F2F #89: The case for underengineering

F2F #89: The case for underengineering

Photo by Ronin / Unsplash

A few weeks ago I sat down with Alberto Betella, the owner of RSS.com for the MarsBased podcast. At some point, we were discussing architectural decisions, and how barebones the first versions of his software were, barely a few lines of php. No fancy containers, no load balancers, no bloated frontends, no nothing. RSS.com is fully bootstrapped, so every line of unnecessary code costs real money, meanwhile, their VC-backed competitors were shipping features nobody asked for, running teams twice the size, and somehow moving slower.

When I posted the episode on LinkedIn, I came up with the word "underengineering" (which, apparently, is barely used in certain circles so I can't claim it) and it got a few eyebrows raised and positive reactions overall, so I've been reflecting on it ever since.

Underengineering is not a lack of craft. It is a deliberate decision to build only what the problem actually requires, and nothing more - or even less, momentarily, because you can afford. It is the opposite of overengineering: no speculative abstractions, no infrastructure for scale you have not reached yet, no features added because you had the budget to add them, no "I know I will need this someday", no nonsense. It sounds obvious but it is surprisingly rare, in software engineering.

The reason it is rare is that building more feels like progress. Or, simply put, not building enough feels like you're leaving money on the table because it feels like a missed opportunity.

When you are flush with cash, in the case of VC-backed companies, adding a feature is easy to justify. You're running against time (and money), so you have to try lots of things to see which one takes off. When you have engineers sitting idle, letting them build something complex looks better than admitting there is nothing worth building right now. And don't get me started on fixing technical debt.

VC-backed companies especially fall into this trap. They have the money, they have the people, and they have the impending pressure of building because the sensation of movement feels like progress, even if they're not headed in the right direction, so they overbuild.

But this also happens to indie developers, small companies and bootstrapped startups. It doesn't only boil down to having too much money in the bank. It is oftentimes a matter of seniority.

“If I had had more time, I would have written a shorter letter” - Blaise Pascal

I remember I indulged in overengineering every time I learned a new programming concept, I wanted to try it. Ternary operator in Java? Let me try it and prove I know things, making it harder for others to learn my nonsense code! But they have to know that I know this thing.

Curiously, we never indulge in underengineering. Never ever. It's like admitting that you don't want to do your job.

AI has changed the math

Here is what makes this more urgent today: AI has effectively eliminated the cost of building software. A solo founder with no engineering background can now ship a "working" product in a weekend. Allegedly. A small team that used to need six months to get to an MVP can do it now in six weeks. The real challenge now is in the distribution phase, not in developing.

This means dev proficiency is no longer a moat. If building is cheap for you, it is cheap for everyone, and chances are that there are more people smarter than you out there. The founders who win now are not the ones who can build the most sophisticated thing but those who can get their thing in front of the right people, at the right time, make them care about it, and convert that attention into something durable.

Distribution is the hard part now. It always was, but we had a convenient excuse to look away from it: we were too busy building so we left that to marketers and other profiles. That excuse is now gone, so we have to do it ourselves now because AI tools are building our products.
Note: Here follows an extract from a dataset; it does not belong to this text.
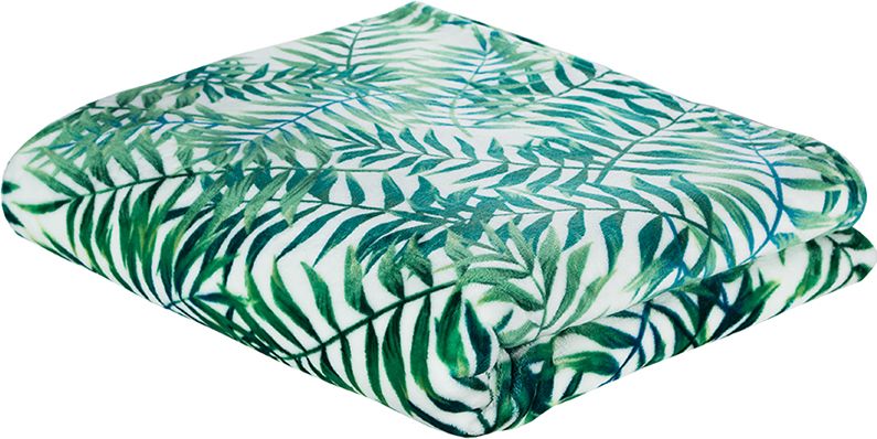 Komfortowy, miły w dotyku oraz ciepły koc, z wzorem liści wykonany z flaneli o wysokiej gramaturze.

So if you are spending six months on features when you have no users, you are not working on a technical problem: you are avoiding a harder one. Every hour overengineering is an hour not spent finding out whether anyone actually gives a flying fuck about what you are making.

What underengineering looks like in practice

Underengineering, actually, means shipping the version that barely works before shipping the version that scales. It means choosing boring technology that you know inside out over exciting technology that requires even the slightest bit of onboarding. It means running a barebones app for too long to the point where it's painful for you. It means writing a cheap and dirty two-files php application to get off the ground. One, if possible. Pieter Levels famously runs such applications and he's somewhat successful. Maybe someone else could do it too.

At MarsBased we have run this way since the beginning. When we had the chops and the money to build a great website, we decided to build a quick wordpress and that was our website for the first two years. We also could've created a great app to register for a private slack community we had for startups in Barcelona but we just integrated a typeform with stripe payments and that was it. We had it for seven years, because we decided to place our fucks somewhere else: where it mattered.

Instead of asking "should I build this?", you should be asking "is it the right time to build this?", but it's a harder question, and a more uncomfortable one, too.

The RSS.com conversation reminded me that underengineering is not a consolation prize for companies that cannot afford to do more but it is a discipline. It is part of the culture, too.

The real question right now: If AI can build the thing you want to build, what is your actual edge?